> _WHAT THIS TASK INVOLVES_:
From the records below, output exactly the lines starting at the line with "AC conductivity as" and ending at the line with "Size + fit: Runs", both of them included, but no pictures.

> _DATA TO PROCESS_:
★ ★ ★ ★

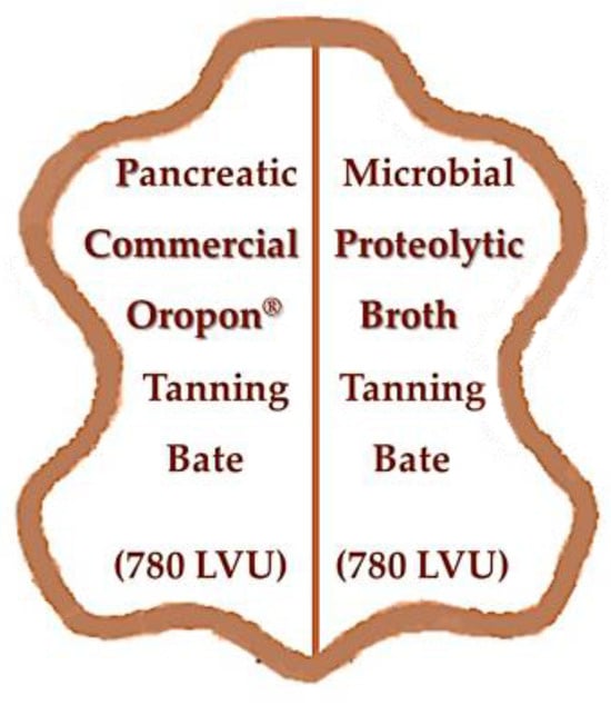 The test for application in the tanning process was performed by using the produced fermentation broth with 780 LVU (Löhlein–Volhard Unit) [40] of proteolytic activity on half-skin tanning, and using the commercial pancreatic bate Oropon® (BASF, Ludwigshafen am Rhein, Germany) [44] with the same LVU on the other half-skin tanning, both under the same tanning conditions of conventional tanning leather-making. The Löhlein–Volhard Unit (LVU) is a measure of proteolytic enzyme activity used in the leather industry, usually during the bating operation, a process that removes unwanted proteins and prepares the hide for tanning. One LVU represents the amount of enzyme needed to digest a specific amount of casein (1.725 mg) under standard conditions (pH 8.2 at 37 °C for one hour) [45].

★ ★ ★ ★

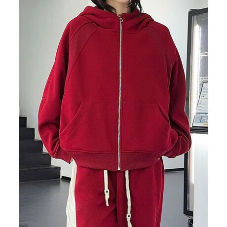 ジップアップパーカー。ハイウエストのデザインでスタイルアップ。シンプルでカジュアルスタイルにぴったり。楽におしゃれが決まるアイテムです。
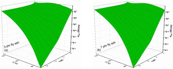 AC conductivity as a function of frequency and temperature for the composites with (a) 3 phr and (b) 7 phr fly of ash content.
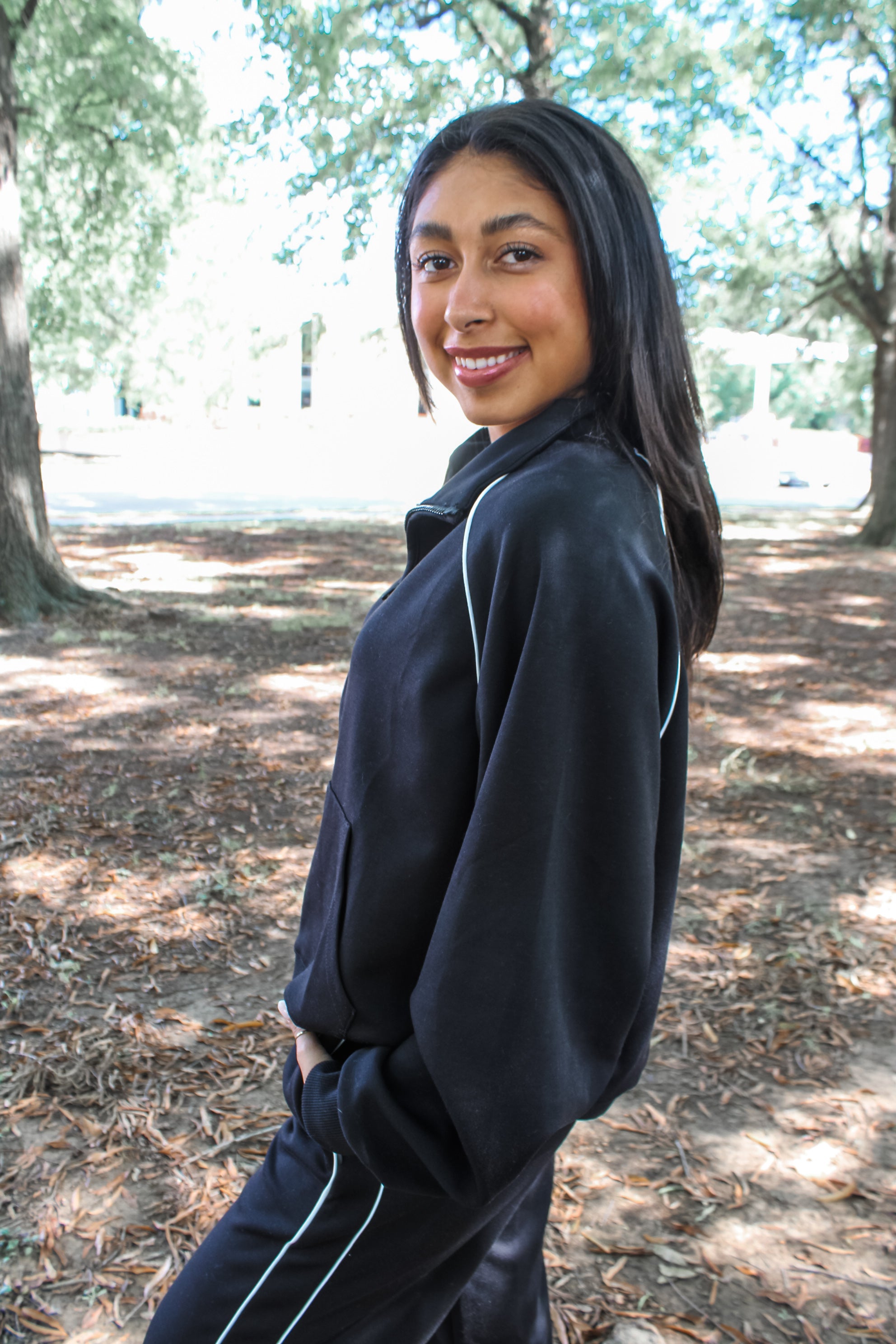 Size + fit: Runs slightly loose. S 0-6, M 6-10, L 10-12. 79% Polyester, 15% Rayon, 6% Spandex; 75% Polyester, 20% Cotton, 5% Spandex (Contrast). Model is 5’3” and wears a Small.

★ ★ ★ ★

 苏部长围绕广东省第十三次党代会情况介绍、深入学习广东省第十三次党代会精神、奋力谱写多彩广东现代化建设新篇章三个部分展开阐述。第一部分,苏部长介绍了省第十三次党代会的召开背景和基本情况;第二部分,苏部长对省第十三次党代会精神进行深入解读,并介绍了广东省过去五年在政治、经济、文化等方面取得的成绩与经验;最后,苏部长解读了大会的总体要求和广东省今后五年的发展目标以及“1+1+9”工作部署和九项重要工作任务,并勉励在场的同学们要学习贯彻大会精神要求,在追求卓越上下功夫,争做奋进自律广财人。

★ ★ ★ ★

> _THE COMPLETED TASK_:
 AC conductivity as a function of frequency and temperature for the composites with (a) 3 phr and (b) 7 phr fly of ash content.
 Size + fit: Runs slightly loose. S 0-6, M 6-10, L 10-12. 79% Polyester, 15% Rayon, 6% Spandex; 75% Polyester, 20% Cotton, 5% Spandex (Contrast). Model is 5’3” and wears a Small.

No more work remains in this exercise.